SUPPLIED ENTRIES: Begin

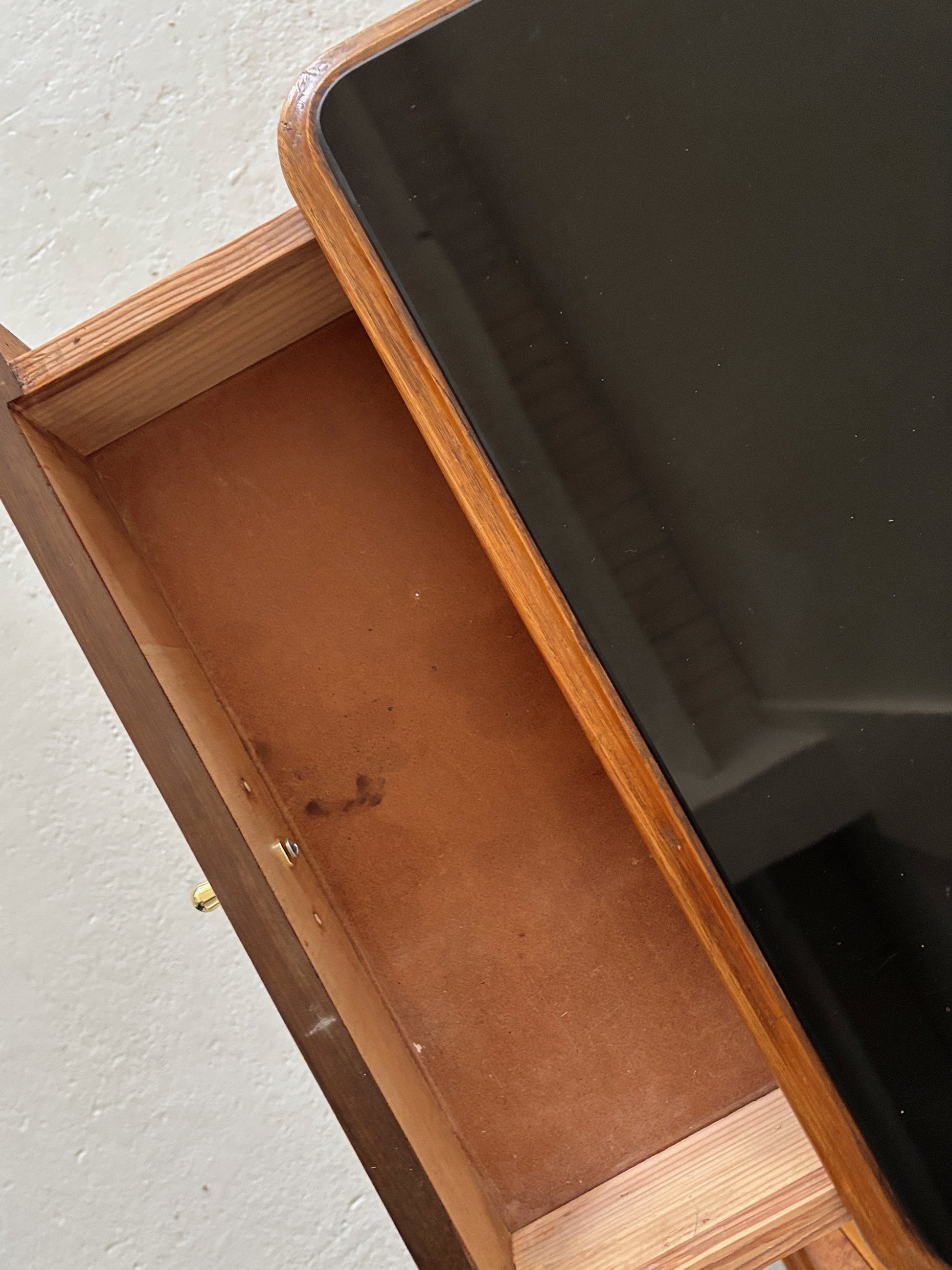 Incredible bespoke 1960s burl bedside tables in great vintage condition. The most intricate burl pattern on these beauties - we have gently removed the old finish on the fronts of the unit and the old broken hardware to let the original detailing shine through. Extremely sturdy, handmade by the previous owner's father in the early 1960s, these are a special pair! Each piece has one drawer and one cupboard with internal shelving (fixed). There are some signs of wear consistent with age still present, we have left the sides in the original finish and there is some areas of wear still visible, including on the interior, there are some signs of where the old handles used to exist, please see pics for details. Glossy black top is original and shows some light scratches.
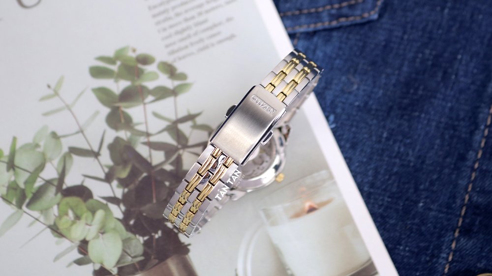 Tại vị trí 12 giờ là tên thương hiệu “Citizen” độc quyền, đối xứng bên dưới là tên bộ máy Automatic, thay cho lời khẳng định của Citizen về chất lượng vượt trội của đồng hồ. Tại góc 3h là ô lịch thứ - ngày được sắp xếp gọn gàng, xung quanh bao bọc bởi viền kim loại màu vàng bắt mắt, giúp các quý cô dễ dàng quản lý thời gian.
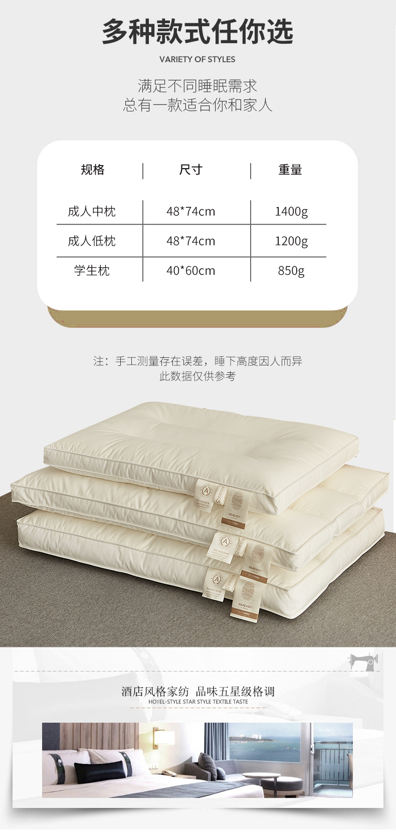 (总)乐可 2025新款黑天鹅酒店枕A类全棉枕头枕芯,黑天鹅酒店枕-中枕,黑天鹅酒店枕-高枕
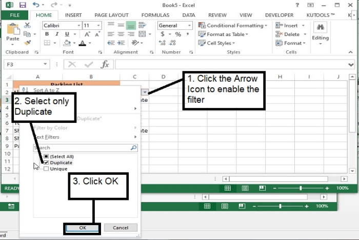 步驟 2 - 單擊“篩選”後,將在相應列中建立篩選器。現在單擊篩選器箭頭,然後僅選擇“重複”選項。然後單擊“確定”。
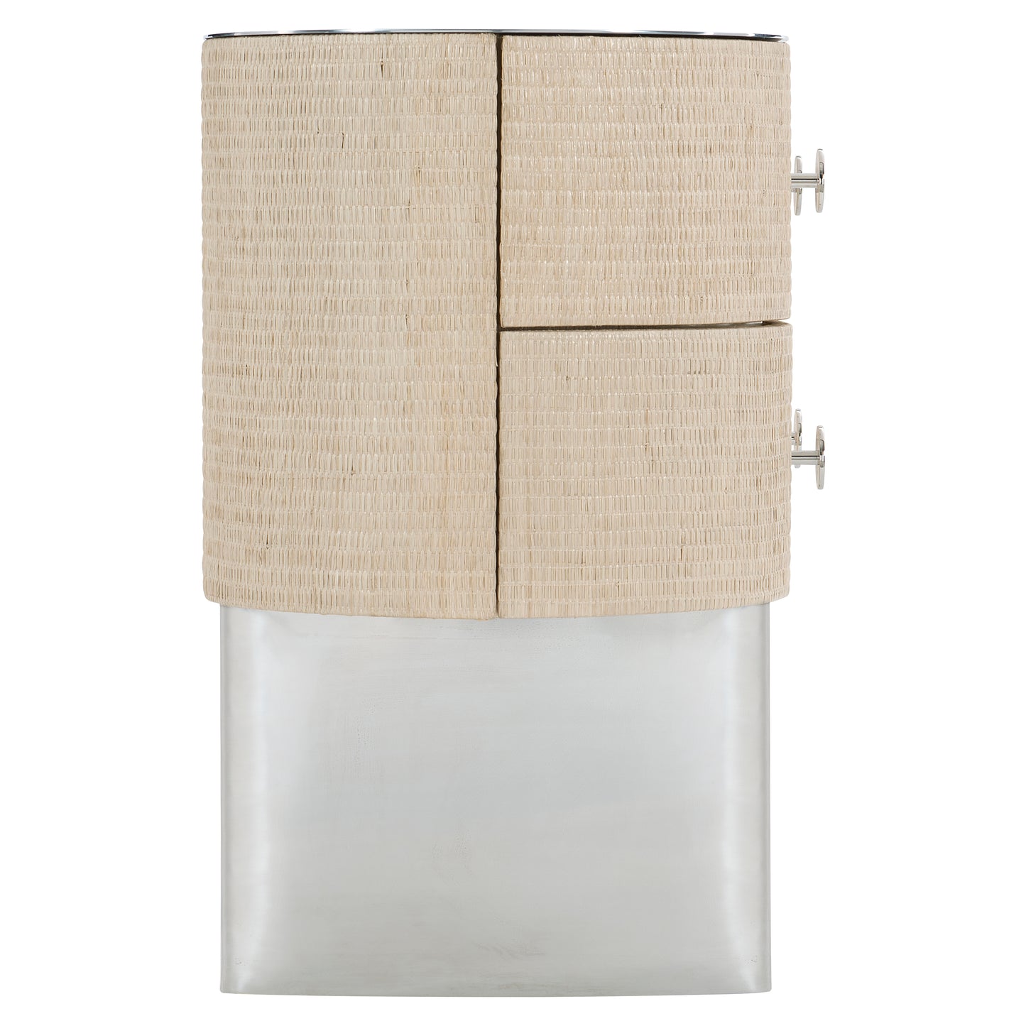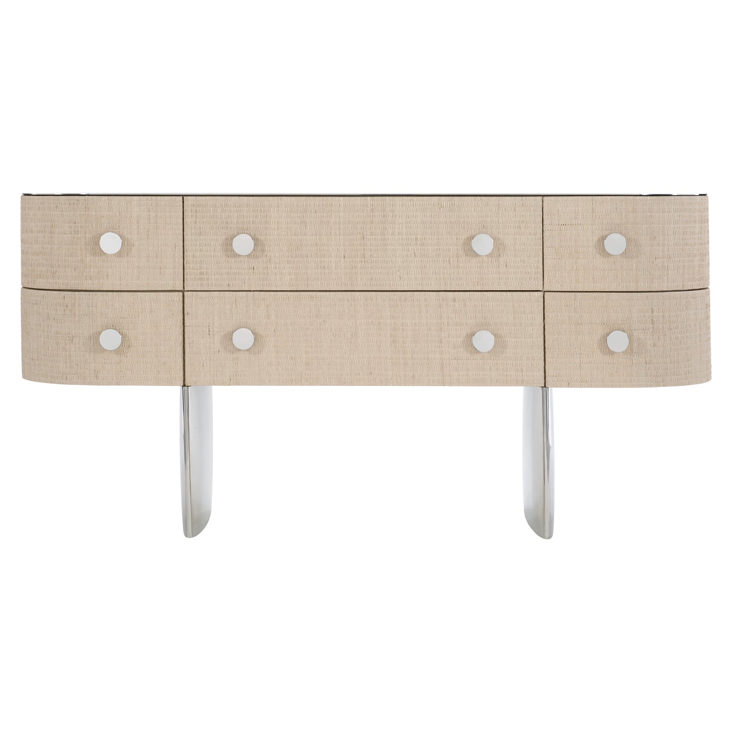 Wrapped woven bleached raffia case. Polished stainless steel top and leg frames. Six soft-close drawers. Adjustable glides. Anti-tip kit. Note: Not designed to support TV &/or other media.
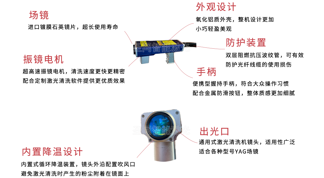 多學(xué)科融合的高學(xué)歷高素質(zhì)人才團隊,研發(fā)了激光清洗專用光源,并針對不同清洗對象進行個性化設(shè)計,且擁有多款完全自主知識產(chǎn)權(quán)的激光清洗裝備關(guān)鍵部件。 其中激光清洗槍頭自主研發(fā),重量不等,8種波形可選,在保障效率和清洗質(zhì)量的同時,兼顧便攜性、靈活性、環(huán)保性,功能強大。
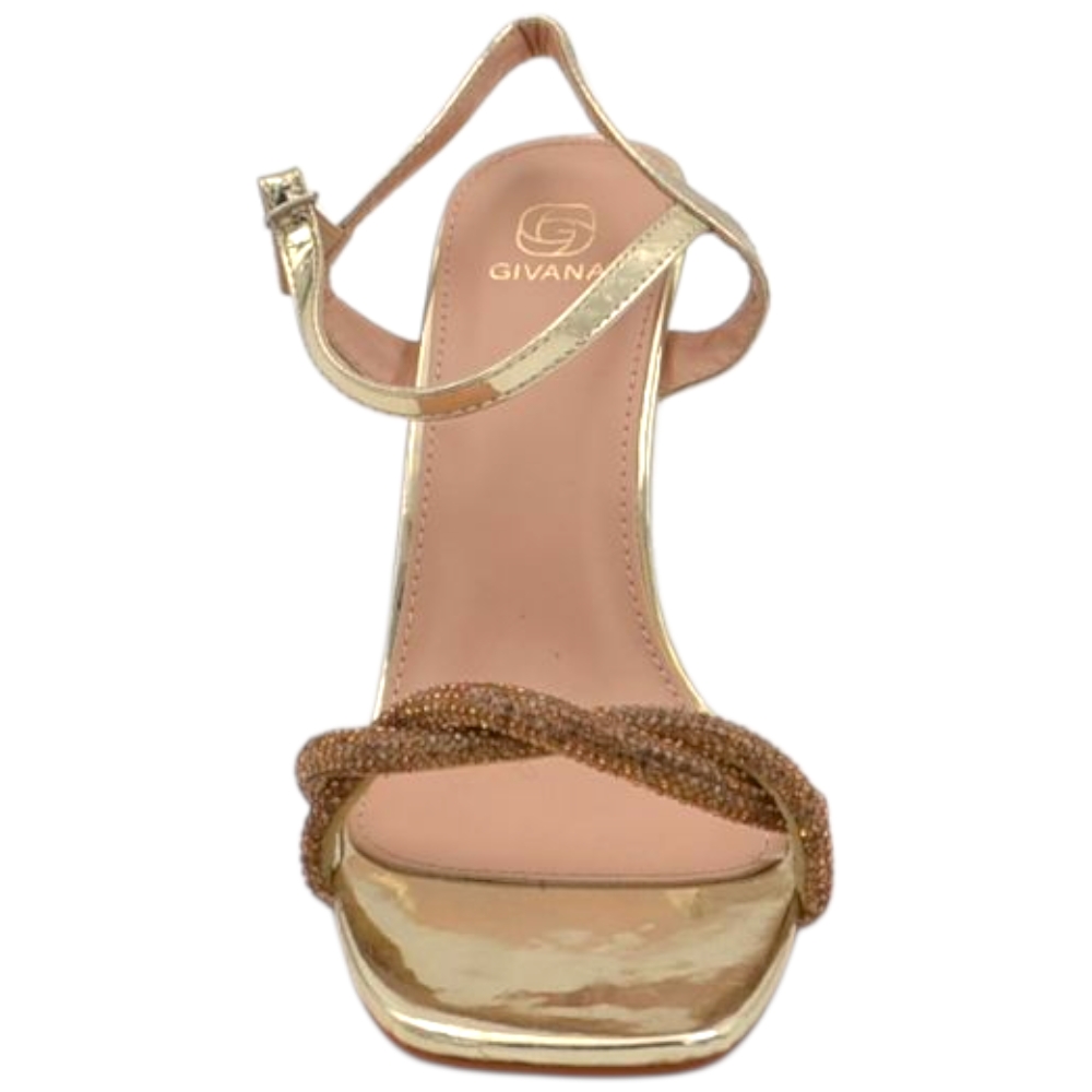 Scarpe sandalo donna oro pelle con fasce a incrocio strass argento e chiusura con zip retro tacco largo comodo 5cm.
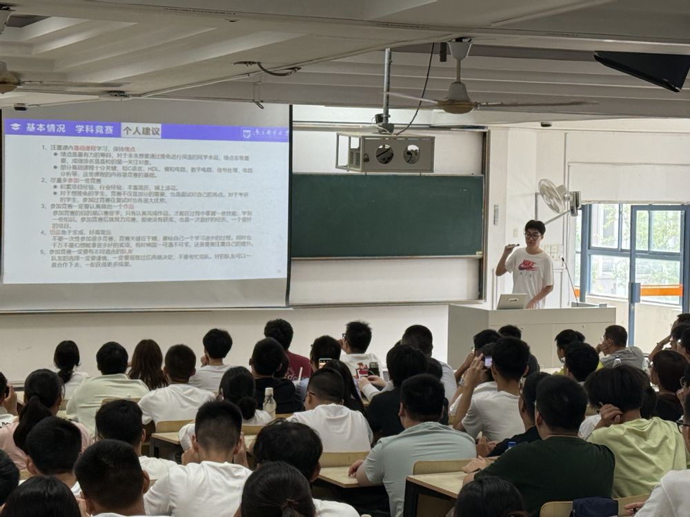 为加强学院学风建设,引导新生树立远大志向、科学规划学业,9月,南京邮电大学集成电路科学与工程学院(产教融合学院)在教2-301、教2-302教室隆重举办新生学风建设教育专题活动。本次活动特邀刘润衎、顾钰、李静窈、赵文博、杨君威、余润萱六位在学术保研、创新保研和支教保研方面取得优异成绩的学长学姐担任主讲嘉宾,面向2025级全体新生分享经验、传递智慧。分享会上,六位同学分别从不同角度为学弟学妹带来精彩而实用的内容。
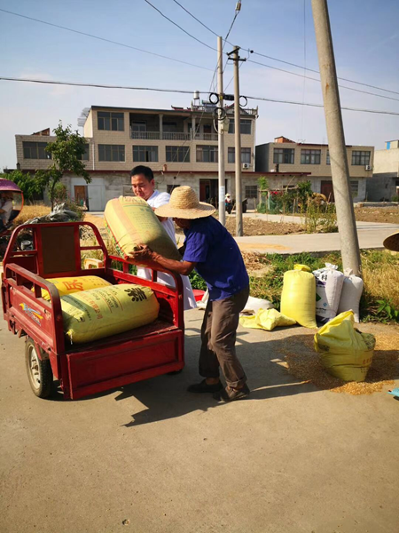劉桂春老兩口70多歲了,育有兩兒一女,子女常年出外打工,農(nóng)忙麥收時也沒時間回來,家里只留下了兩位老人家。5月28日下午,正在村衛(wèi)生室忙碌的薛永舉看見門前麥田里的兩位老人在收麥,他們因年事已高,行動稍顯吃力,薛永舉二話沒說,忙完手頭的工作,就幫助他們一塊干起了活兒,撐開袋口,將收割機里的糧食裝進袋子里,再一袋袋抬到三輪車上。到底是年輕有力氣,經(jīng)過近1小時的辛勤勞動,20多袋2000多斤小麥全部裝袋完成,搬上三輪車。老兩口客氣地邀請薛永舉到家里吃飯, 被他謝絕了。
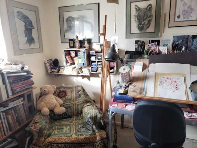 There are lots of books on art, his wife’s pencil drawings, including the wolf (first drawing she ever did), the crocus that hung in the Smithsonian for a while, the collection of tarot card decks from all over the world (purchased for the artwork), and the slide magnifier made out of a coffee can.
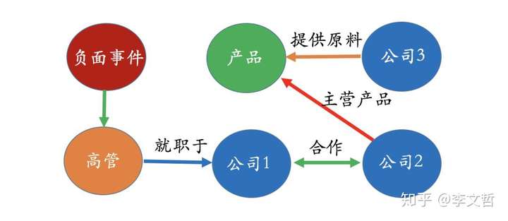 在证券领域,我们经常会关心比如“一个事件发生了,对哪些公司产生什么样的影响?” 比如有一个负面消息是关于公司1的高管,而且我们知道公司1和公司2有种很密切的合作关系,公司2有个主营产品是由公司3提供的原料基础上做出来的。
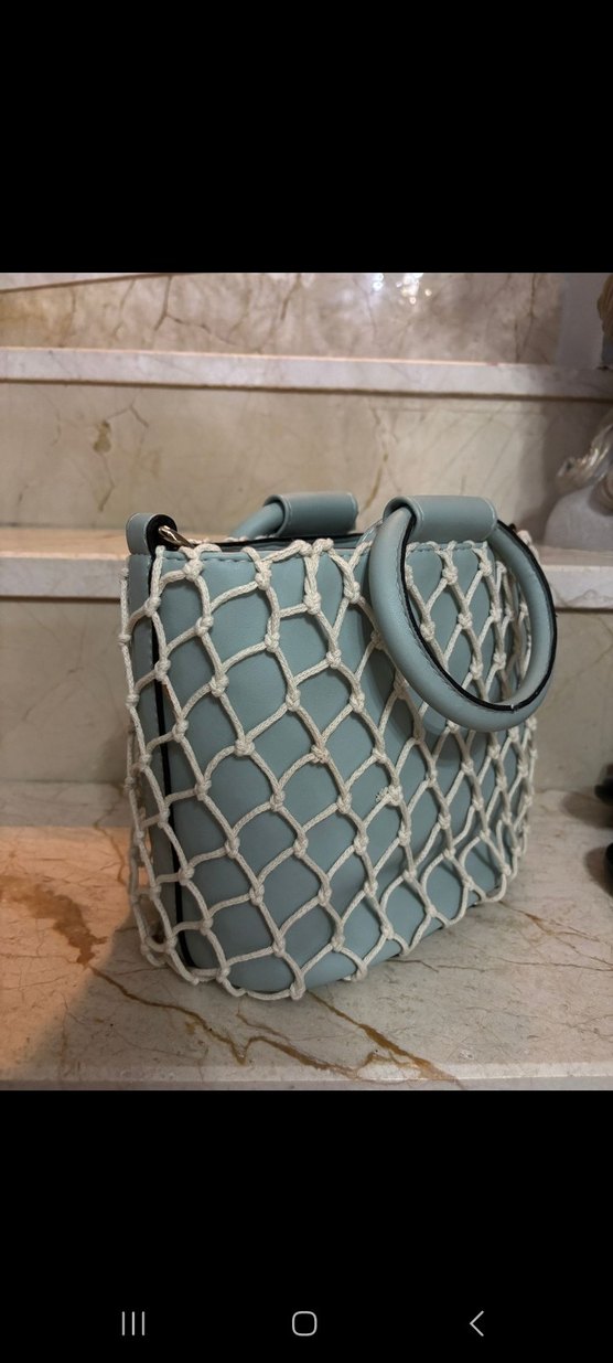 Mavi Örgü Detaylı Bohem Kadın Çantası

SUPPLIED ENTRIES: End

__EXERCISE DESCRIPTION__. Apart from the pictures, every line of the data above should be given again exactly.

__EXERCISE ANSWER__.
 Incredible bespoke 1960s burl bedside tables in great vintage condition. The most intricate burl pattern on these beauties - we have gently removed the old finish on the fronts of the unit and the old broken hardware to let the original detailing shine through. Extremely sturdy, handmade by the previous owner's father in the early 1960s, these are a special pair! Each piece has one drawer and one cupboard with internal shelving (fixed). There are some signs of wear consistent with age still present, we have left the sides in the original finish and there is some areas of wear still visible, including on the interior, there are some signs of where the old handles used to exist, please see pics for details. Glossy black top is original and shows some light scratches.
 Tại vị trí 12 giờ là tên thương hiệu “Citizen” độc quyền, đối xứng bên dưới là tên bộ máy Automatic, thay cho lời khẳng định của Citizen về chất lượng vượt trội của đồng hồ. Tại góc 3h là ô lịch thứ - ngày được sắp xếp gọn gàng, xung quanh bao bọc bởi viền kim loại màu vàng bắt mắt, giúp các quý cô dễ dàng quản lý thời gian.
 (总)乐可 2025新款黑天鹅酒店枕A类全棉枕头枕芯,黑天鹅酒店枕-中枕,黑天鹅酒店枕-高枕
 步驟 2 - 單擊“篩選”後,將在相應列中建立篩選器。現在單擊篩選器箭頭,然後僅選擇“重複”選項。然後單擊“確定”。
 Wrapped woven bleached raffia case. Polished stainless steel top and leg frames. Six soft-close drawers. Adjustable glides. Anti-tip kit. Note: Not designed to support TV &/or other media.
 多學(xué)科融合的高學(xué)歷高素質(zhì)人才團隊,研發(fā)了激光清洗專用光源,并針對不同清洗對象進行個性化設(shè)計,且擁有多款完全自主知識產(chǎn)權(quán)的激光清洗裝備關(guān)鍵部件。 其中激光清洗槍頭自主研發(fā),重量不等,8種波形可選,在保障效率和清洗質(zhì)量的同時,兼顧便攜性、靈活性、環(huán)保性,功能強大。
 Scarpe sandalo donna oro pelle con fasce a incrocio strass argento e chiusura con zip retro tacco largo comodo 5cm.
 为加强学院学风建设,引导新生树立远大志向、科学规划学业,9月,南京邮电大学集成电路科学与工程学院(产教融合学院)在教2-301、教2-302教室隆重举办新生学风建设教育专题活动。本次活动特邀刘润衎、顾钰、李静窈、赵文博、杨君威、余润萱六位在学术保研、创新保研和支教保研方面取得优异成绩的学长学姐担任主讲嘉宾,面向2025级全体新生分享经验、传递智慧。分享会上,六位同学分别从不同角度为学弟学妹带来精彩而实用的内容。
劉桂春老兩口70多歲了,育有兩兒一女,子女常年出外打工,農(nóng)忙麥收時也沒時間回來,家里只留下了兩位老人家。5月28日下午,正在村衛(wèi)生室忙碌的薛永舉看見門前麥田里的兩位老人在收麥,他們因年事已高,行動稍顯吃力,薛永舉二話沒說,忙完手頭的工作,就幫助他們一塊干起了活兒,撐開袋口,將收割機里的糧食裝進袋子里,再一袋袋抬到三輪車上。到底是年輕有力氣,經(jīng)過近1小時的辛勤勞動,20多袋2000多斤小麥全部裝袋完成,搬上三輪車。老兩口客氣地邀請薛永舉到家里吃飯, 被他謝絕了。
 There are lots of books on art, his wife’s pencil drawings, including the wolf (first drawing she ever did), the crocus that hung in the Smithsonian for a while, the collection of tarot card decks from all over the world (purchased for the artwork), and the slide magnifier made out of a coffee can.
 在证券领域,我们经常会关心比如“一个事件发生了,对哪些公司产生什么样的影响?” 比如有一个负面消息是关于公司1的高管,而且我们知道公司1和公司2有种很密切的合作关系,公司2有个主营产品是由公司3提供的原料基础上做出来的。
 Mavi Örgü Detaylı Bohem Kadın Çantası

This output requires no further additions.